Witam serdecznie.
Moja mama 65l poszła do szpitala aby zrobić ogólne badania jako bilans 65latki. Po dwóch dniach wyszła z diagnoza rak płuca. Lekarz rozkłada ręce, nie będzie operacji, stan krytyczny,w piątek była biopsja. Co mamy robic? Gdzie się udać? Co oznaczają wyniku TK?
Błagam o pomoc. Jesteśmy załamani, nie rozumiemy nic z opisu badania. Gdzie szukać pomocy? Czy naprawdę jest tak tragicznie?
TK Klatka piersiowa
Badanie wykonano w aktywizicji spiralnej warstwami 2,5 mm z zakładką 1.375/1 w fazie natywnej (z wtórną rekonstrukcja warstwami 0,625mmz algorytmem płucnym-HRCT) oraz dożylnym podaniu kontrastu. We wnęce i płacie gornym płuca prawego obecny rozległy, miękkotkankowy guz o nierównym obrysie o maksymalnych wymiarach ok 6,2x5,7x10,8 cm z widocznym niejednorodnym wzmocnieniem po podaniu środka kontrastowego, z obecnością obwodową i w części środkowej obszarów obniżonej densyjności mogących odpowiadać rozpadowi. Ciągnie się od opłucnej przedniej części szczytu na wnękę i sródpiersie. Zamyka oskrzele górnopłatowe, nacieka oskrzele główne prawe i oskrzele pośrednie, nacieka łuk żyły nieparzystej, uciska(najprawdopodobniej nacieka) Końcowy odcinek prawej żyły ramienno-głowowej i początkowy zyły górnej, głównej z ich zwężeniem, zlewa się z patologicznymi węzłami wnęki. W płacie górnym w otoczeniu guza widoczne zagęszczenia siateczkowate, odpowiadające pasmom włóknienia oraz pęcherzykowe, głównie w S3P rozsiane plamiste i guzkowe nacieki o niskiej gęstości. Uwapnione podpłucnowe guzki w zakresie S2P wlk. 4 mm, S1/2L-6mm, S10L-4mm. W S5P pasmo niedodmowe z rozstrzeniami oskrzeli. Poza tym płuca bez zmian ogniskowych. Obecny konglomerat patologicznych węzłów podstrogowych wielkości cor. 28x22mm. Zaznaczone zmiany miażdżycowe aorty w łuku oraz tetnic wieńcowych. Poza tym duże naczynia śródpiersia bez zmian patologicznych. Pozostałe struktury śródpiersia badaniem TK prawidłowe. Klinowate obniżenie wysokości trzonu kręgu Th 12 z wpukleniem górnej blaszki granicznej-stan po przebytym załamaniu kompresyjnym.
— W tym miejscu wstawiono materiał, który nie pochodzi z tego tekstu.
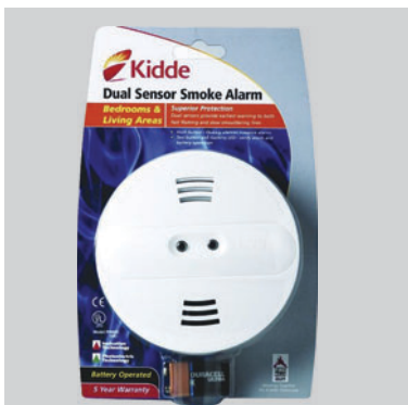
Detektor dima sa dvostrukim foto i jonskim senzorom PI900UK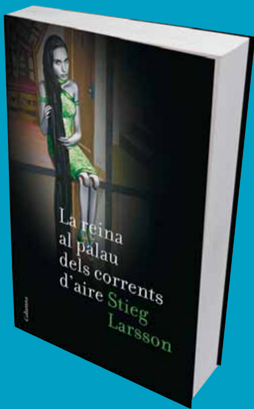
La reina al palau dels corrents d'aire

Us oferim un tast de l'esperat tercer volum que tanca la trilogia de Stieg Larsson, 'La reina al palau dels corrents d'aire'. El 18 de juny es podrà llegir en català (Columna) i en castellà (Destino). I divendres vinent s'estrena a les nostres pantalles, i en català, la versió que s'ha fet del primer dels volums de la trilogia, 'Els homes que no estimaven les dones'. Us avancem imatges d'aquest film suec dirigit per Niels Arden Opley, que ha encabit de manera admirable les 750 pàgines del llibre en dues hores i mitja de metratge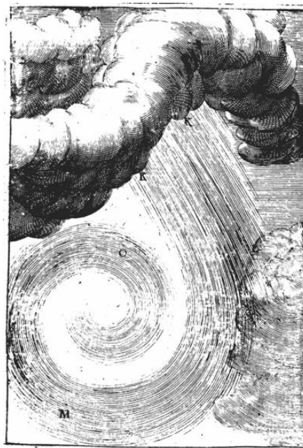
Planche 3 : Tourbillons et tornades générés par un flux d'air contrarié par un obstacle, vent latéral ou région plus dense de l'air, selon Ralph Bohun 13

La prévision du temps constitue l'enjeu fédérateur du développement des baromètres. Plusieurs cyclones tropicaux sont responsables, dans les années 1660, de dégâts importants sur la flotte de guerre anglaise en Mer des Caraïbes et les plantations dans les colonies britanniques de l'est américain, causant de lourdes pertes humaines et financières 11 . Ralph Bohun, un membre de la Royal Society , s'inspirant des expérimentations récentes de son collègue Robert Hooke, est en 1671 l'un des premiers à suggérer d'utiliser le baromètre pour prévoir les ouragans 12 . Fin 1677, plusieurs baromètres sont envoyés aux Barbades dans le but de tester leurs capacités prédictives.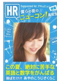
Seventeen、HR 風のオリジナル表紙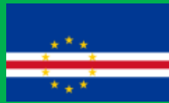
カーボベルデ共和国 (Cape Verde)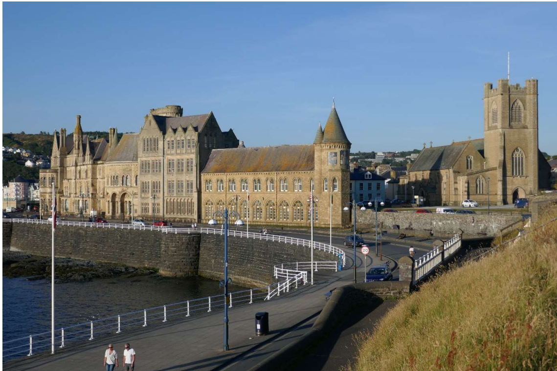
Gebouwen van de University of Wales op de boulevard van Aberystwyth. Rechts de stadskerk.

's Avonds heb ik de kasteelruïne bezocht die ik vanaf zee had zien liggen en ik heb een mooie wandeling gemaakt over de schitterende, kilometerslange boulevard met zijn pier en goed geconserveerde Victoriaanse huizen. Vlak erachter stond de stadskerk, waar ik ook even een bezoekje aan heb gebracht. De dominee die er rondliep omdat er net een kerkdienst was gehouden, schudde me vriendelijk de hand en vertelde het een en ander over de geschiedenis van de kerk.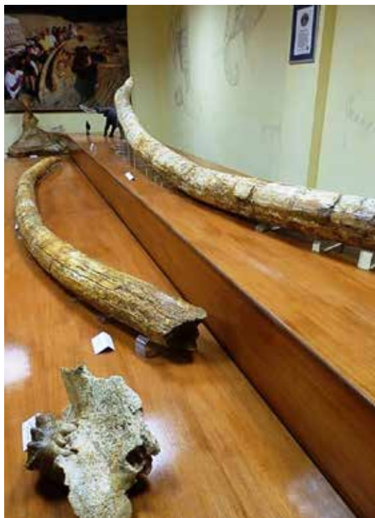
Χαυλιόδοντες από Μαστόδοντα Μηλιάς Γρεβενών και Λατομείο αδρανών υλικών στο οποίο αποκαλύφθηκαν, 2007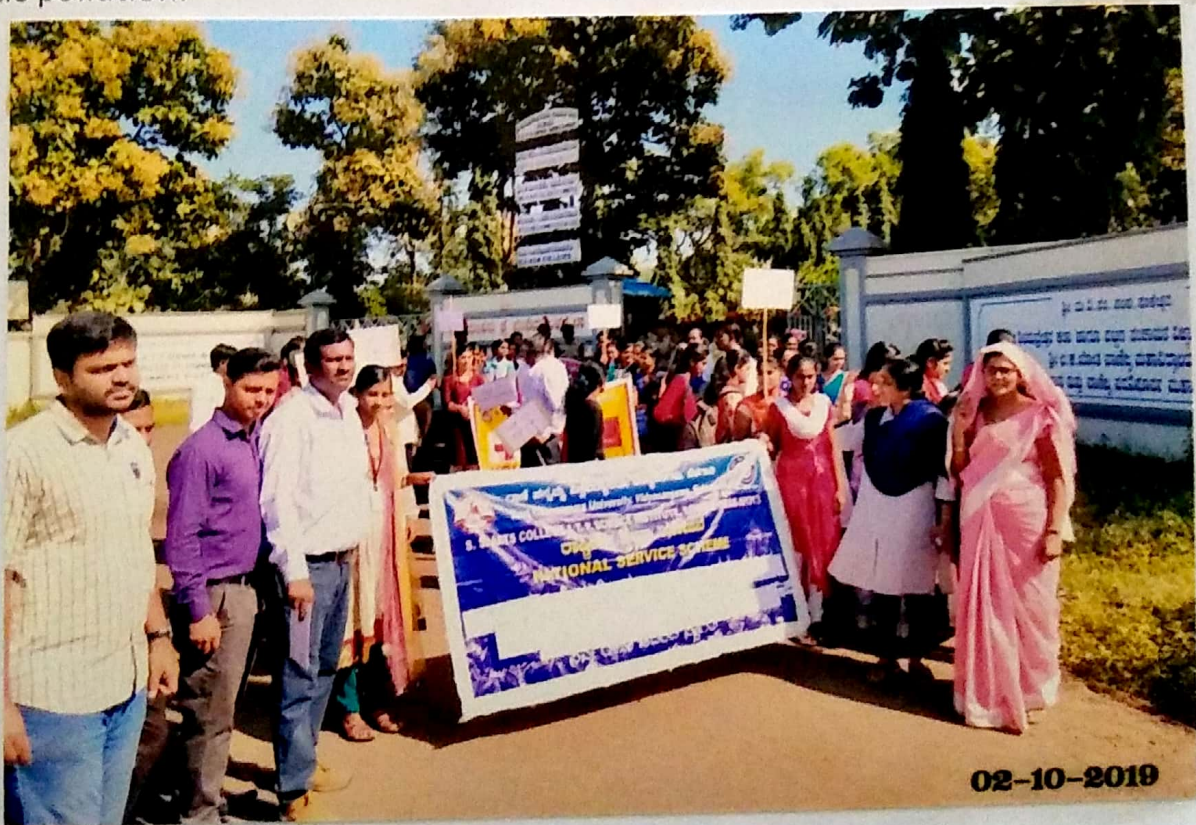
Awareness rally on 'Anti Plastic' on 02.10.2019

About 70 NSS volunteers' and 250 students took part in the mega awareness rally organized by the S. S. Arts College & T.P.Science Institute, Sankeshwar to sensitize people against the use of plastic items. Our volunteers' collected Plastic items at Mahadev Nagar Sankeshwar to save our future from plastic pollution.

Stan mamy jest bardzo poważny, rzeczywiście zmiany w płucach sugerują, że jest to rak, przykro mi.
aga75 napisał/a:
nie będzie operacji
Na pewno nie będzie ponieważ choroba w płucach jest bardzo zaawansowana, guz jest duży, nacieka okolice i to bardzo rozlegle, Guz jest najprawdopodobniej w stanie rozpadu, co też jest niekorzystne, nacieka oskrzela, żyły. Są bardzo powiększone węzły chłonne i są na pewno węzły przerzutowe, czyli zajęte również przez raka.
W takim zaawansowaniu nie ma opcji operacji bo przecież mamie nie wytną obu płuc ani nie ma możliwości wycięcia wszystkich węzłów.
aga75 napisał/a:
Co mamy robic? Gdzie się udać?
Mama miała biopsję, czyli pobrali mamie materiał do badań hist.pat, żeby zdiagnozować z czym macie do czynienia, raczej z rakiem ale jakim to pokażą dopiero badania z biopsji.
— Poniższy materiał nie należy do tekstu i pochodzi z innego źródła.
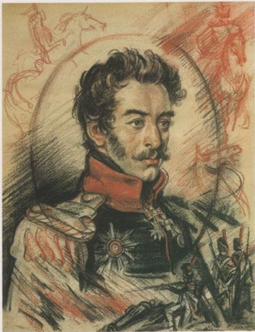
Сергей Григорьевич Волконский 1788—1865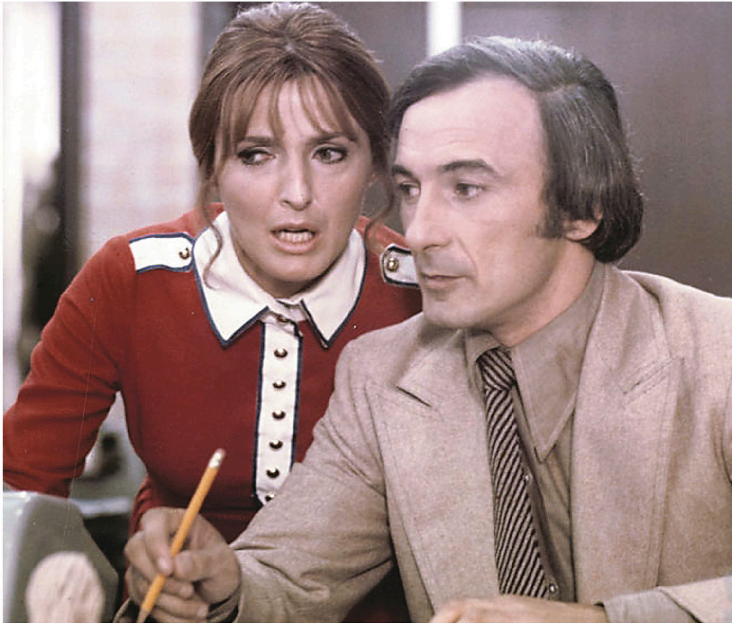
Dominique Michel et Yvon Deschamps partagent l'écran dans Tiens-toi bien après les oreilles à papa .

Dominique Michel y joue une dactylo fonceuse, amazone encombrée par son pucelage, travaillant pour des « pinottes », montée au créneau afin d'obtenir une aug-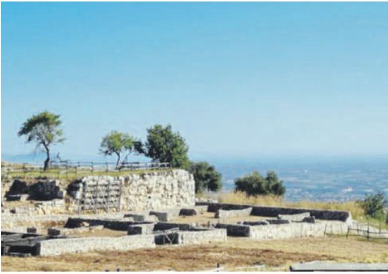
Da sinistra: il sito dell'antica Norba, il museo di Cori e il castello Caetani di Sermoneta

Na razie to niewiele możecie bo bez wyniku żaden onkolog nie podejmie się leczenia, trzeba mieć diagnozę, czyli teraz czekanie na wynik a później szybko na onkologię.
Skąd jesteście? to ktoś poleci najlepszy ośrodek onkologiczny.
Czy mama miała robione usg jamy brzusznej? warto byłoby to zrobić.
aga75 napisał/a:
Jesteśmy załamani, nie rozumiemy nic z opisu badania. Gdzie szukać pomocy? Czy naprawdę jest tak tragicznie?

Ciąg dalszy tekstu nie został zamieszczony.